SUPPLIED DATA
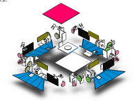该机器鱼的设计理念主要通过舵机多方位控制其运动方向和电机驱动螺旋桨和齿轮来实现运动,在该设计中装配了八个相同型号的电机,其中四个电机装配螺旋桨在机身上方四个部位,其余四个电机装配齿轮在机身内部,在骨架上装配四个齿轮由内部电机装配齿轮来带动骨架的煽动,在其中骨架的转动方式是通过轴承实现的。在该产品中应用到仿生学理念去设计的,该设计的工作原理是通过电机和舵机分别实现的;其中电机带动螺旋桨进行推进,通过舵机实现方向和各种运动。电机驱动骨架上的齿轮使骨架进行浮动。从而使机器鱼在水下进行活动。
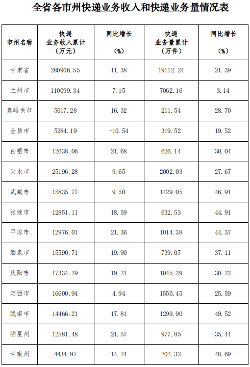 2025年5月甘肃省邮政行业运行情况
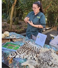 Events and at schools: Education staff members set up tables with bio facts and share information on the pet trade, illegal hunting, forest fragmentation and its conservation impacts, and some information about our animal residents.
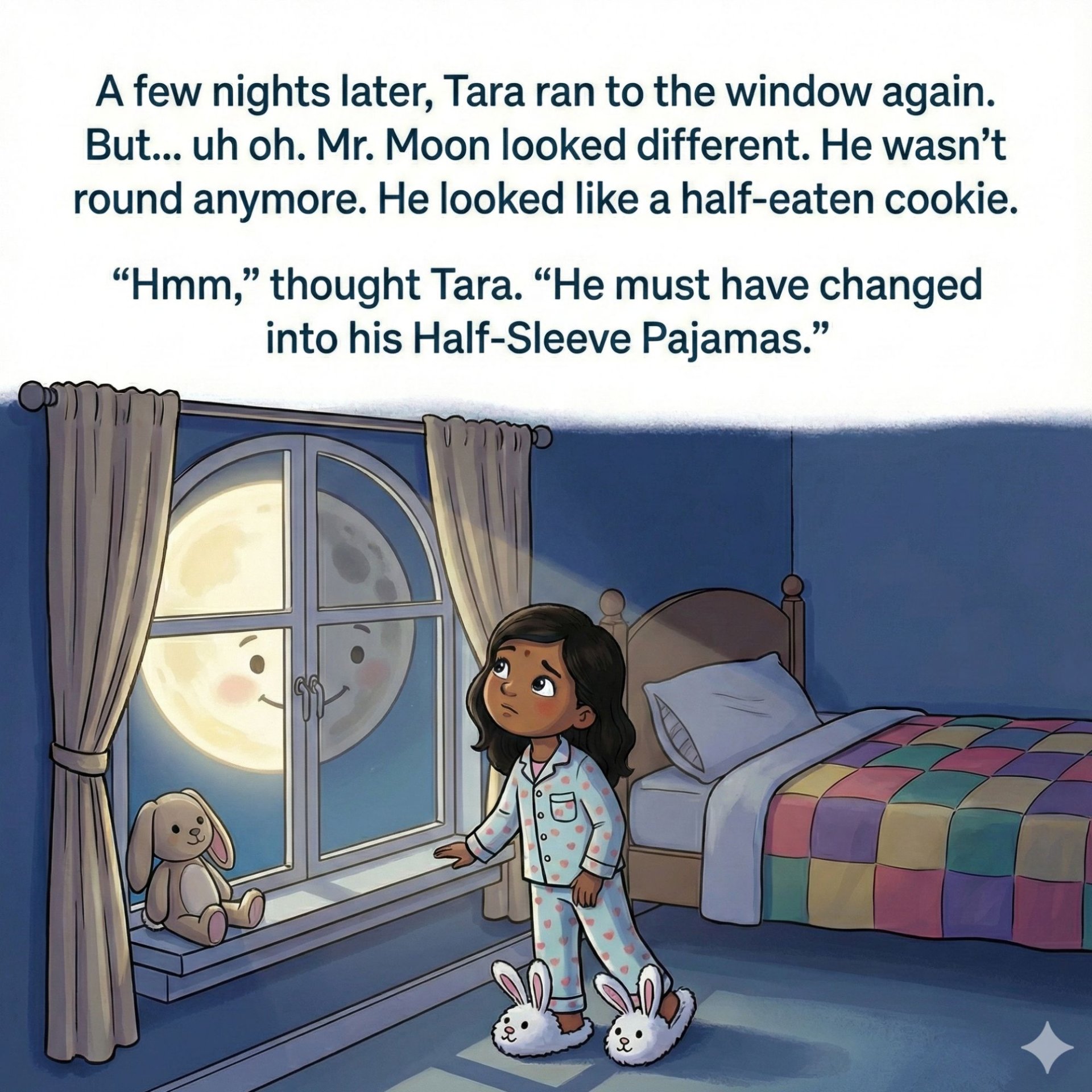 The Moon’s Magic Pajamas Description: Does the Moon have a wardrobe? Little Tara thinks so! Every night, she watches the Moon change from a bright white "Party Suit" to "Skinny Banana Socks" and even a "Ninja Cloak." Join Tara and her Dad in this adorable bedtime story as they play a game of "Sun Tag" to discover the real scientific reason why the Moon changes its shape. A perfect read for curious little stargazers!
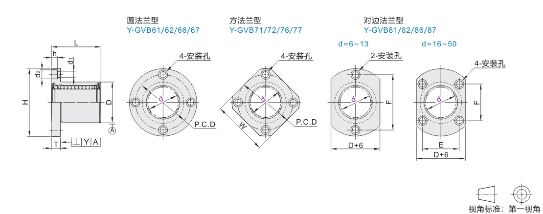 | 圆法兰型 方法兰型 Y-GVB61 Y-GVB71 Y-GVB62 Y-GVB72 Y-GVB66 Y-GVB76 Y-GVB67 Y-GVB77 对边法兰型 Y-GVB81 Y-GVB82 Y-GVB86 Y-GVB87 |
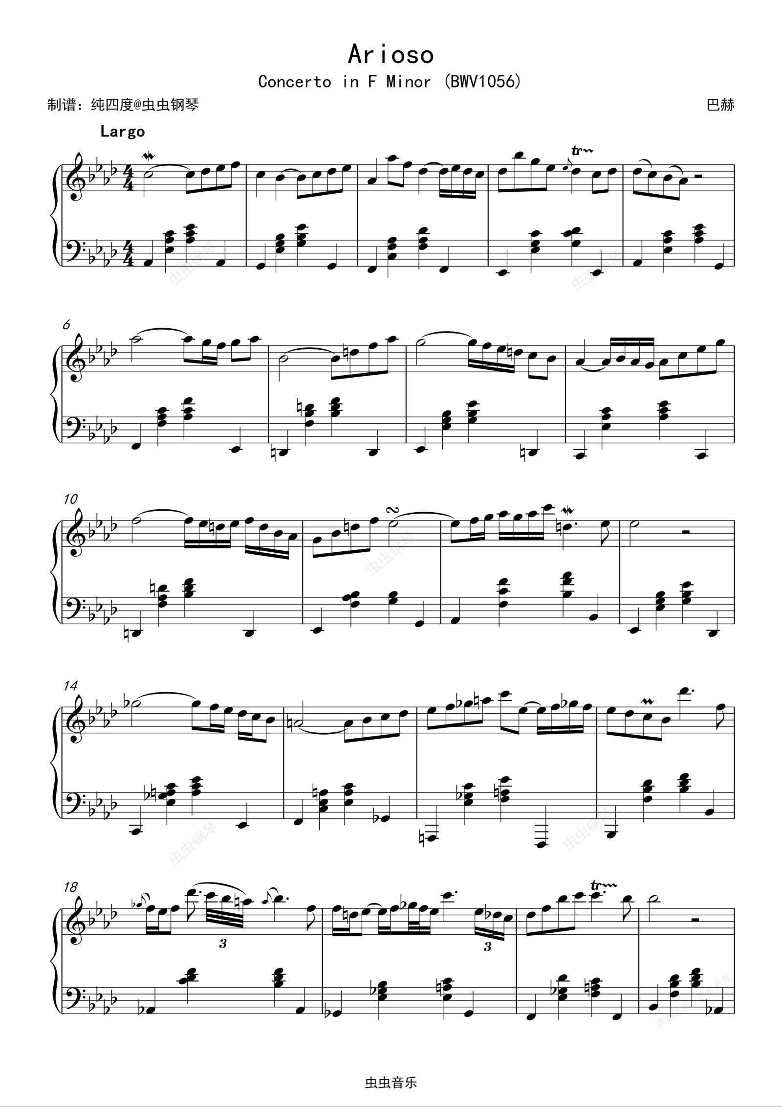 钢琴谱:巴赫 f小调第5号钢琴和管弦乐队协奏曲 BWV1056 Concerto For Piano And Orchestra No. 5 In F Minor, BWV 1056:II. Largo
==
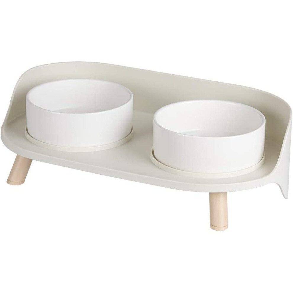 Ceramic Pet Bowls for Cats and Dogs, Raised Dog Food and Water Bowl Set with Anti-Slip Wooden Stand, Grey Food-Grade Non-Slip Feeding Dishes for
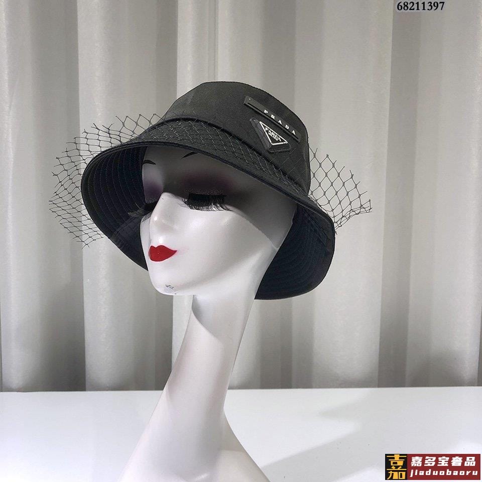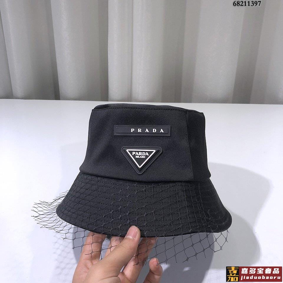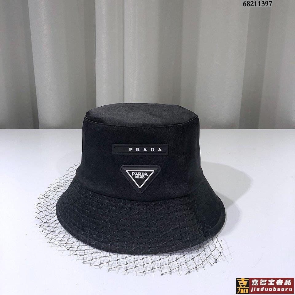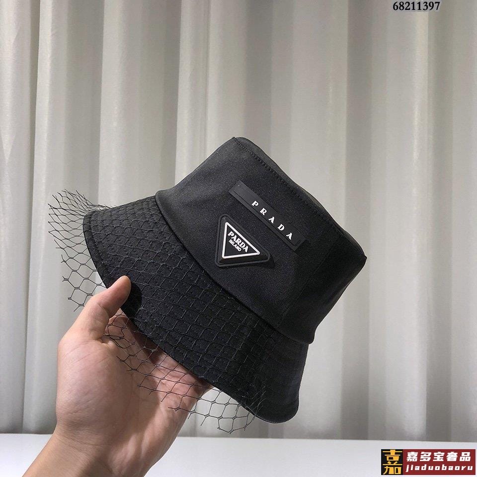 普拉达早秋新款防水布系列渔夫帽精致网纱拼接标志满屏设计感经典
* * *
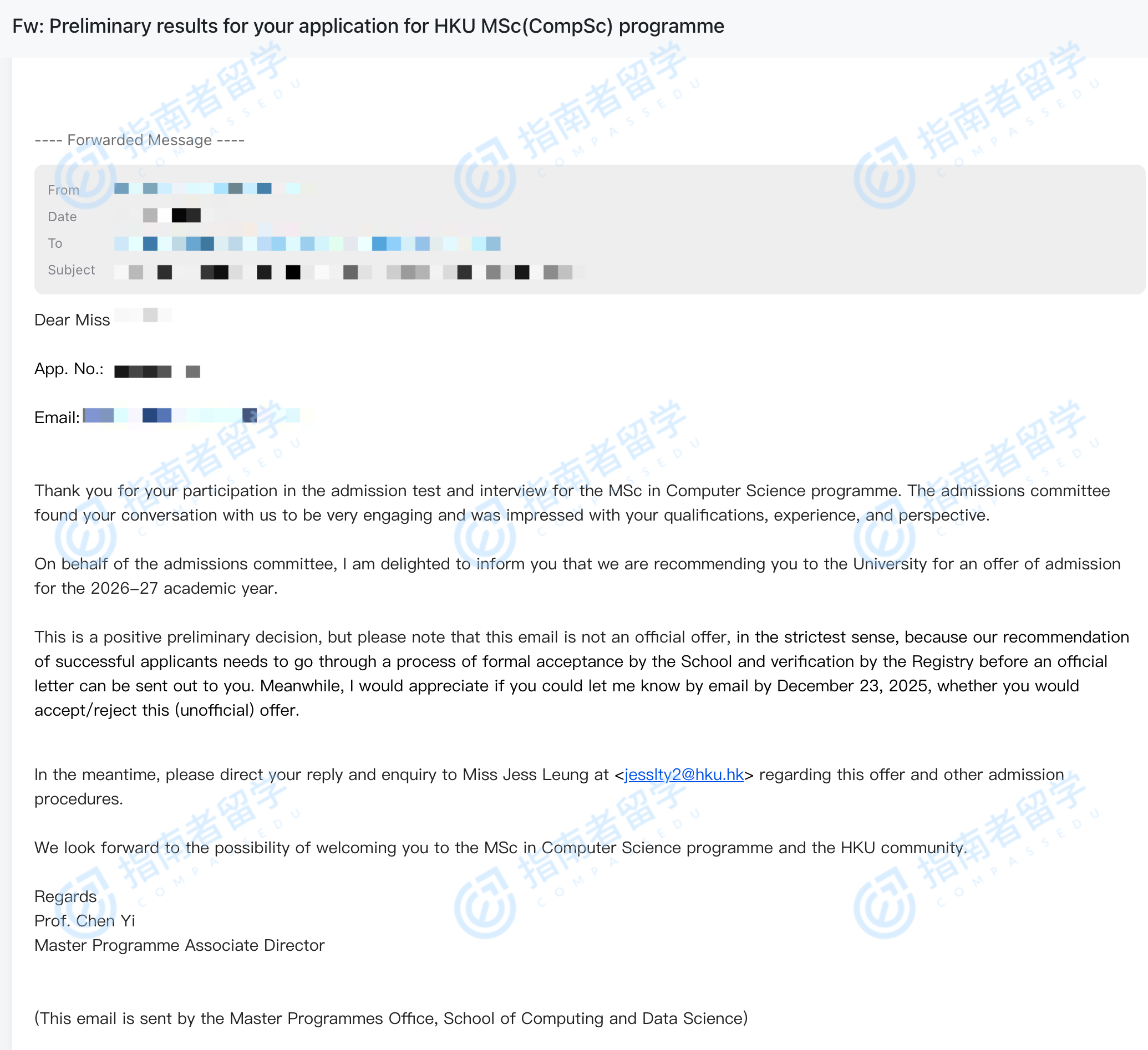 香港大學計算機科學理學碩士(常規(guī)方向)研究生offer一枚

PROBLEM TO WORK ON
Using the data above, give again exactly the lines starting at the one holding "Y-GVB86 Y-GVB87 |" and ending at the one holding "钢琴谱:巴赫 f小调第5号钢琴和管弦乐队协奏曲 BWV1056", inclusive, and nothing more. Omit the pictures.

RESPONSE TO THE TASK
 | 圆法兰型 方法兰型 Y-GVB61 Y-GVB71 Y-GVB62 Y-GVB72 Y-GVB66 Y-GVB76 Y-GVB67 Y-GVB77 对边法兰型 Y-GVB81 Y-GVB82 Y-GVB86 Y-GVB87 |
 钢琴谱:巴赫 f小调第5号钢琴和管弦乐队协奏曲 BWV1056 Concerto For Piano And Orchestra No. 5 In F Minor, BWV 1056:II. Largo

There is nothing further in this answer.